Provided records Block Start

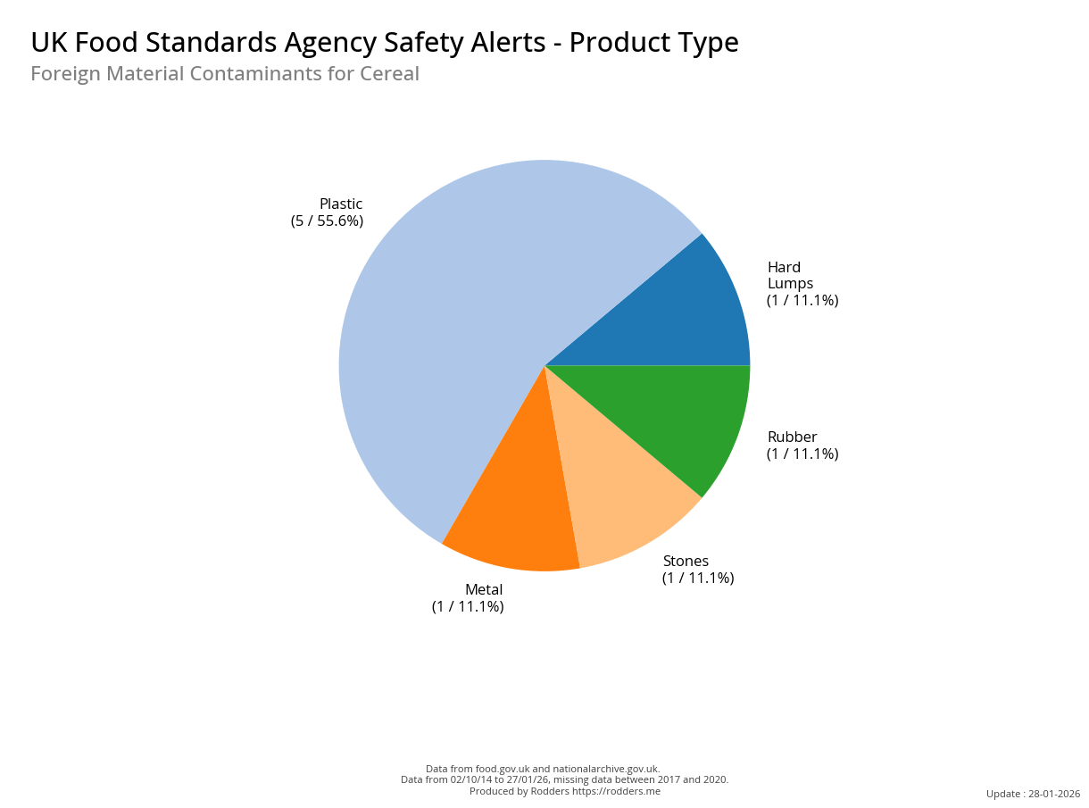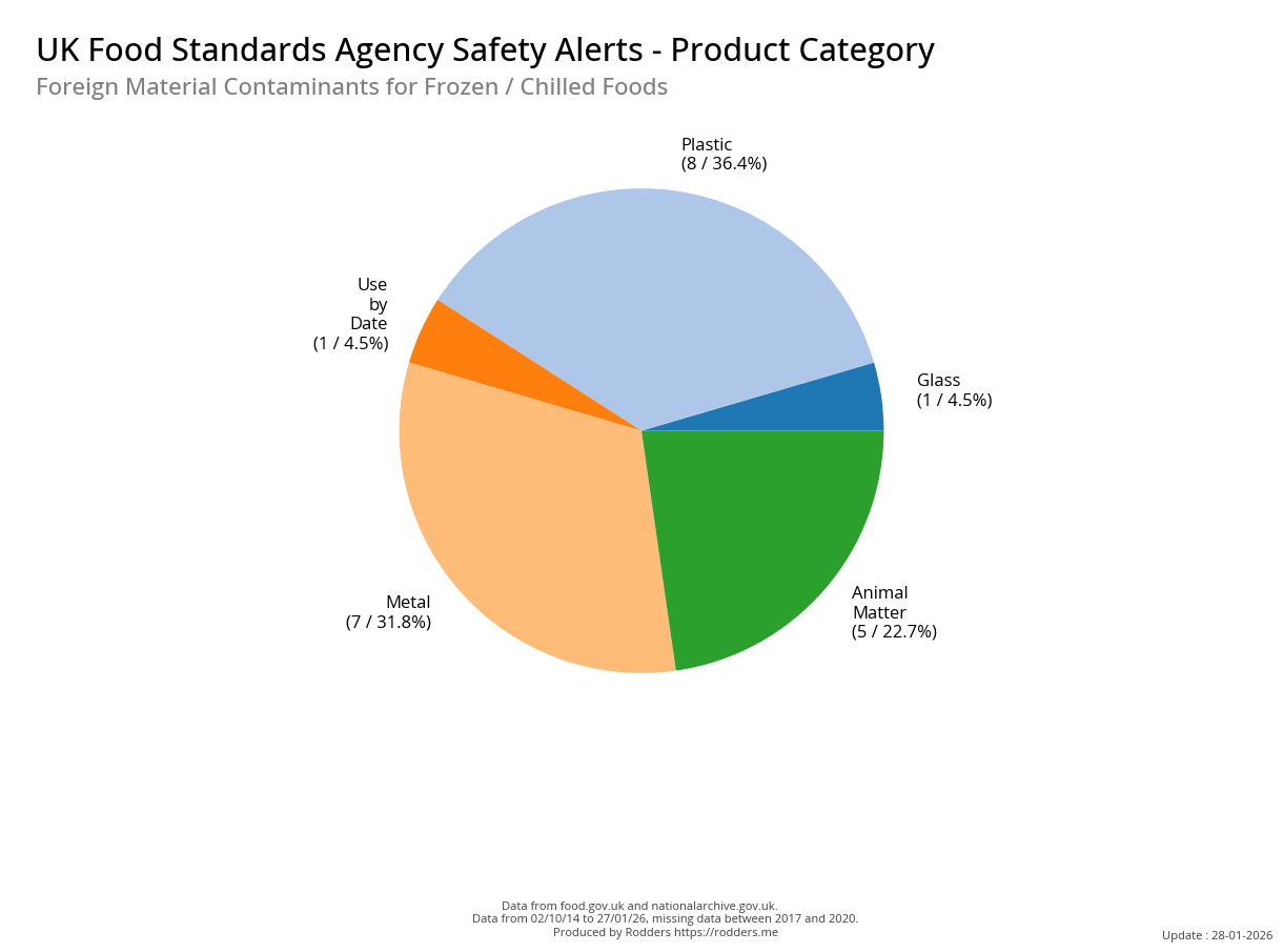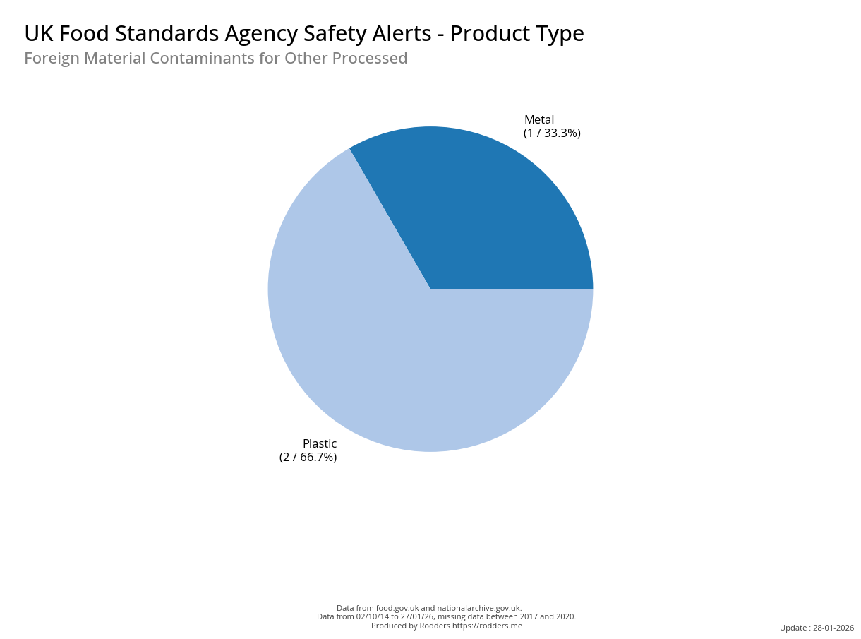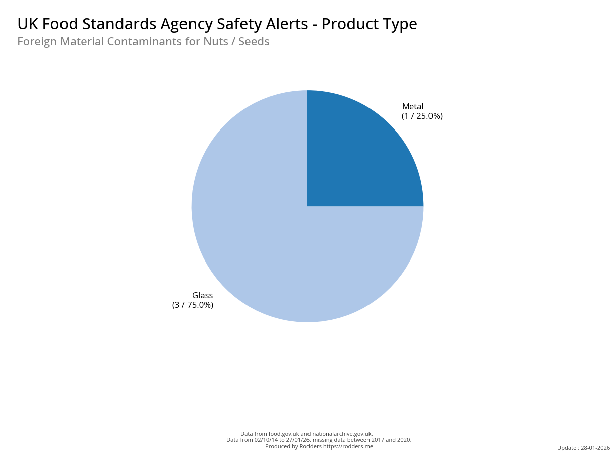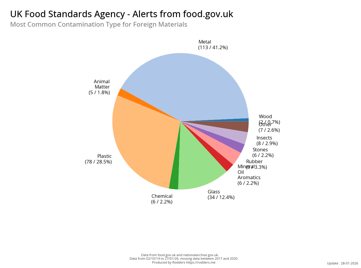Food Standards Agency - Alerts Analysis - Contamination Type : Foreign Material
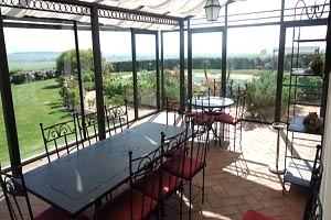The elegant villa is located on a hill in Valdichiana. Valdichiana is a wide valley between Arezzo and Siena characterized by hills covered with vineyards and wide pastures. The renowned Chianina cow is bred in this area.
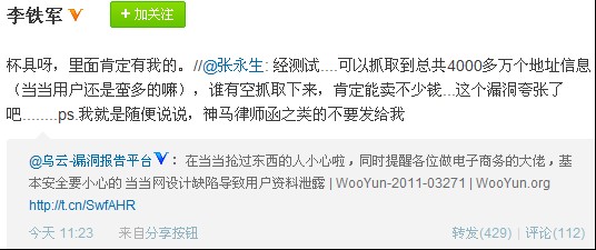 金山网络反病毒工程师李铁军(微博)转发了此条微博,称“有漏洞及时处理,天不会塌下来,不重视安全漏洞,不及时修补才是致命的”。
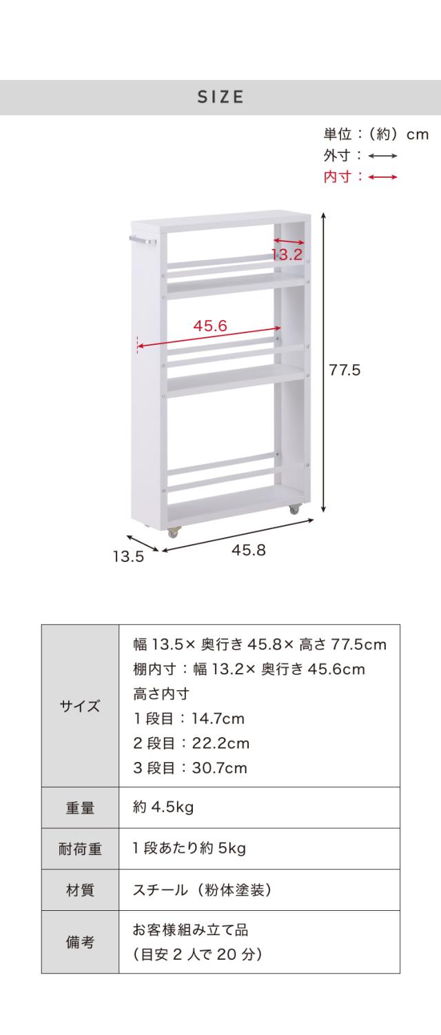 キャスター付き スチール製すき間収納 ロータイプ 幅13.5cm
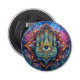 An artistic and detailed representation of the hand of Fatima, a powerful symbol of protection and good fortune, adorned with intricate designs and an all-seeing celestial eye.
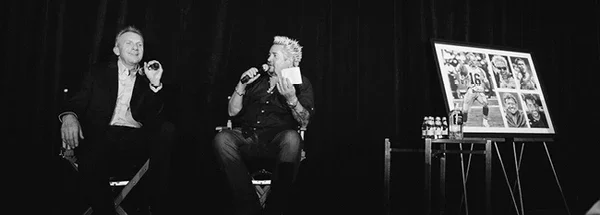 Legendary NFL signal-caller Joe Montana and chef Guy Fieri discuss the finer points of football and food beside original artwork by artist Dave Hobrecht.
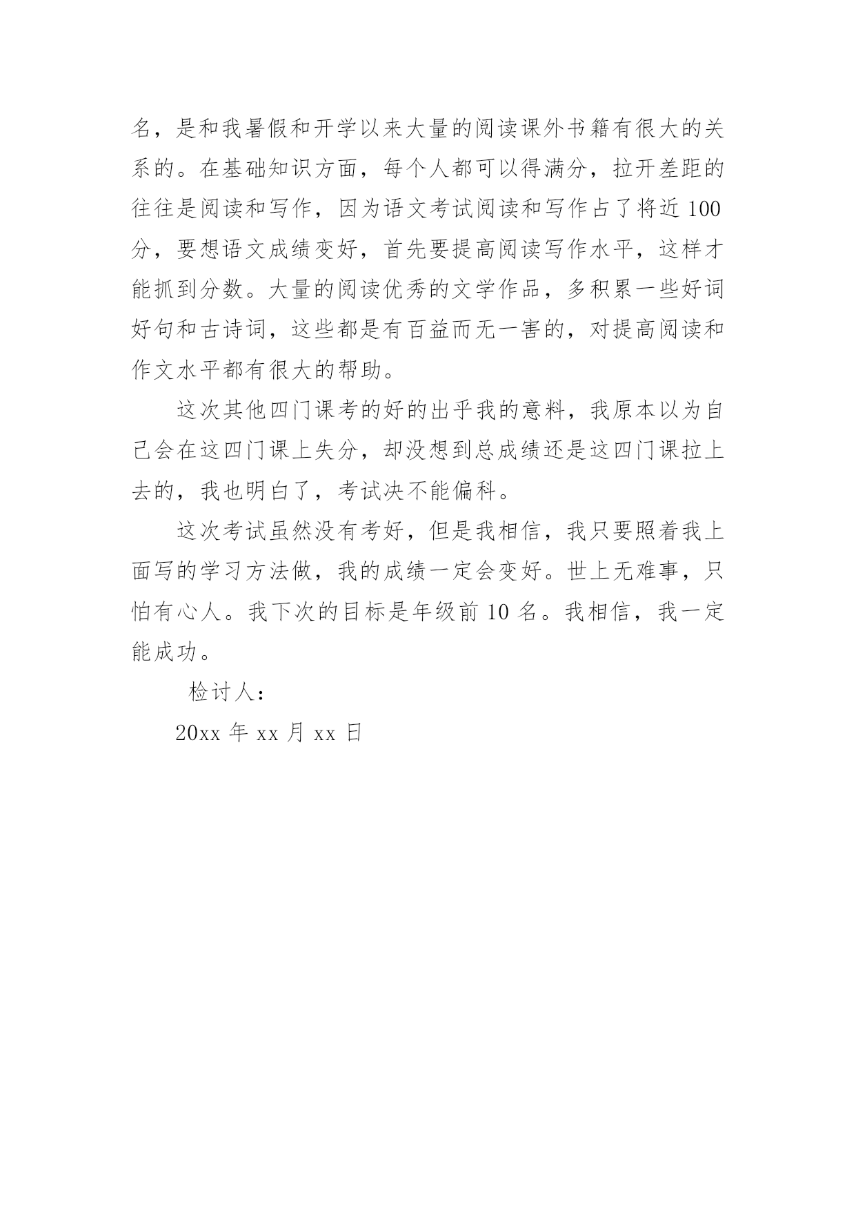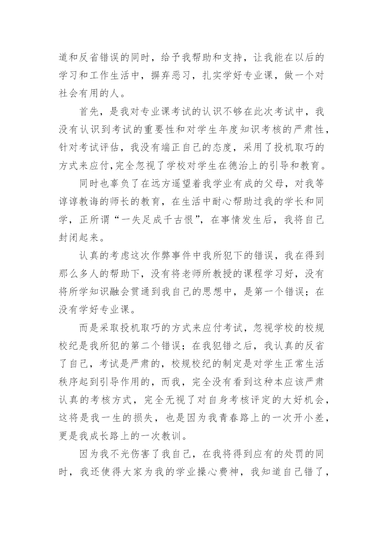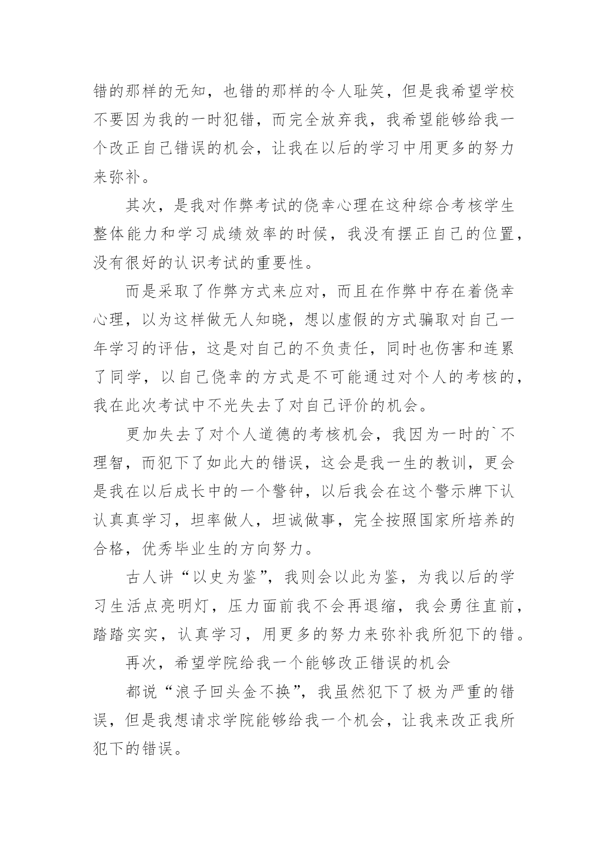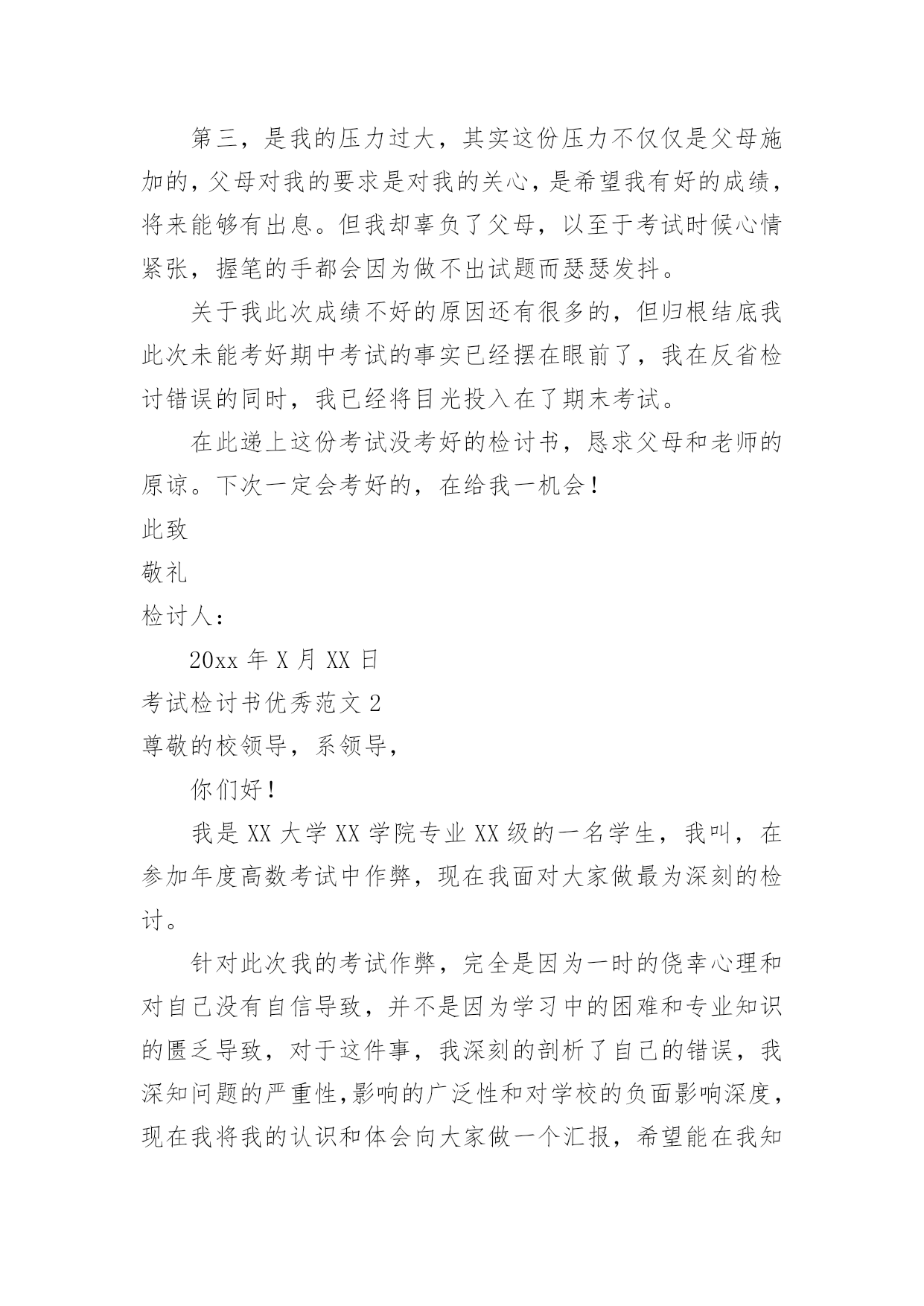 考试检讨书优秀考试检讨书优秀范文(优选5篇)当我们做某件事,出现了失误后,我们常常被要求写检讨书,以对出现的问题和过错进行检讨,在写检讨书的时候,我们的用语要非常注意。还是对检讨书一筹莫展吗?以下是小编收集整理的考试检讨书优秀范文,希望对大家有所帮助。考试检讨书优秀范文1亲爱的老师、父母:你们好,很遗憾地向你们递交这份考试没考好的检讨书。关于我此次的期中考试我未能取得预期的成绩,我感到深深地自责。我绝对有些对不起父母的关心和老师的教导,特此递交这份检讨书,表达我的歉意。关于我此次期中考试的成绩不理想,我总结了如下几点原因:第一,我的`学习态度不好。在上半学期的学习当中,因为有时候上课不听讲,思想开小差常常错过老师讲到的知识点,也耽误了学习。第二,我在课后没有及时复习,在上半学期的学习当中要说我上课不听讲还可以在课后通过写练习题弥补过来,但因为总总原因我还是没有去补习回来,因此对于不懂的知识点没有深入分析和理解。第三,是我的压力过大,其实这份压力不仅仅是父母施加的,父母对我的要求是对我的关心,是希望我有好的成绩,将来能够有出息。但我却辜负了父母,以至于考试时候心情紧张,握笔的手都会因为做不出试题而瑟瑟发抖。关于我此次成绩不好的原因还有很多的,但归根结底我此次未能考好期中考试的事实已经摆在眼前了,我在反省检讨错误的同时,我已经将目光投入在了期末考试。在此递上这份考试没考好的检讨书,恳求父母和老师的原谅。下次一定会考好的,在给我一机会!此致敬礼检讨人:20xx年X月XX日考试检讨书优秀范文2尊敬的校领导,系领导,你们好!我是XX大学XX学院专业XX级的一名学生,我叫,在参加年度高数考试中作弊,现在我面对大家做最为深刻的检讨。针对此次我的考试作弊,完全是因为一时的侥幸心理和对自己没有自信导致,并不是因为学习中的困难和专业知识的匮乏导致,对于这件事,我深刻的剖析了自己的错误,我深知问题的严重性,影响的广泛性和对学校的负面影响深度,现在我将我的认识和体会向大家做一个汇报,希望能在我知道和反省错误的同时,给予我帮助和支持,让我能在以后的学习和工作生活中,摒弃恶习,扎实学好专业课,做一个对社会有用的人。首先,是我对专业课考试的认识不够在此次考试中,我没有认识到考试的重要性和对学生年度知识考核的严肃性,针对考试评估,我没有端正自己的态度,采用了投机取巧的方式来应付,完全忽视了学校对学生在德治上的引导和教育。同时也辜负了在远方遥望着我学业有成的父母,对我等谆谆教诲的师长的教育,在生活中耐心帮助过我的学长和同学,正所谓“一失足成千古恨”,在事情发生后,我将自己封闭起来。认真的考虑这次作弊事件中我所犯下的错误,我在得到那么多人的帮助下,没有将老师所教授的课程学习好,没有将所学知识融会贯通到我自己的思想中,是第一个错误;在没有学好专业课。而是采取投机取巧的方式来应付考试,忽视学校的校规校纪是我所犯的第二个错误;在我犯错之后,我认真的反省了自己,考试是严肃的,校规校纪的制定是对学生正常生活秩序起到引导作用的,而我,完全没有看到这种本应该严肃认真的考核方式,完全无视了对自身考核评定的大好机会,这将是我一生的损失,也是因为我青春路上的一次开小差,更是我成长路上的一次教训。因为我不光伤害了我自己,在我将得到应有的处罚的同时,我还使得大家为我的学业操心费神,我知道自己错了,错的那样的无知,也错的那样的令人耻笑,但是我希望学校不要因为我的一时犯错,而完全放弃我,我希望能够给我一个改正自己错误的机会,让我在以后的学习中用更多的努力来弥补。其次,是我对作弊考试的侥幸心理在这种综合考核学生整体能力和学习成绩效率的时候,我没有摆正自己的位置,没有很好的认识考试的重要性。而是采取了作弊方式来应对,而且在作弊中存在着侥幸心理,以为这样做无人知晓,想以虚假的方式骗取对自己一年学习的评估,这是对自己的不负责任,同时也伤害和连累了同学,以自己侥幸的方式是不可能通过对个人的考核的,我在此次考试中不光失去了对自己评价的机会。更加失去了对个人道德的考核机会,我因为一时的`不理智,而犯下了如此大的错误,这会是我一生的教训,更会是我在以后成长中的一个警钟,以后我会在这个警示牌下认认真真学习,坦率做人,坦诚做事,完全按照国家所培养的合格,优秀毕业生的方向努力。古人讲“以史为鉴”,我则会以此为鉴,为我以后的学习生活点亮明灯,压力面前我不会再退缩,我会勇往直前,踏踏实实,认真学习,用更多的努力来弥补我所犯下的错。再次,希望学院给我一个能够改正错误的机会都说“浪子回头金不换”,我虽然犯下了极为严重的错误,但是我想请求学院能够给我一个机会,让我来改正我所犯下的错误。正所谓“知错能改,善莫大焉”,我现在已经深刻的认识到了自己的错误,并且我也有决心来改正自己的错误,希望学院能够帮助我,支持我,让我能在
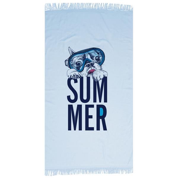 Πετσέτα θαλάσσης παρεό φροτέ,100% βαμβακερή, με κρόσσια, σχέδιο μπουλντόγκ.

Provided records Block End

## Goal of the exercise
Your answer should be the lines above, word for word, from the line with "The elegant villa" through the line with "An artistic and", minus the pictures.

## Answer to this problem
The elegant villa is located on a hill in Valdichiana. Valdichiana is a wide valley between Arezzo and Siena characterized by hills covered with vineyards and wide pastures. The renowned Chianina cow is bred in this area.
 金山网络反病毒工程师李铁军(微博)转发了此条微博,称“有漏洞及时处理,天不会塌下来,不重视安全漏洞,不及时修补才是致命的”。
 キャスター付き スチール製すき間収納 ロータイプ 幅13.5cm
 An artistic and detailed representation of the hand of Fatima, a powerful symbol of protection and good fortune, adorned with intricate designs and an all-seeing celestial eye.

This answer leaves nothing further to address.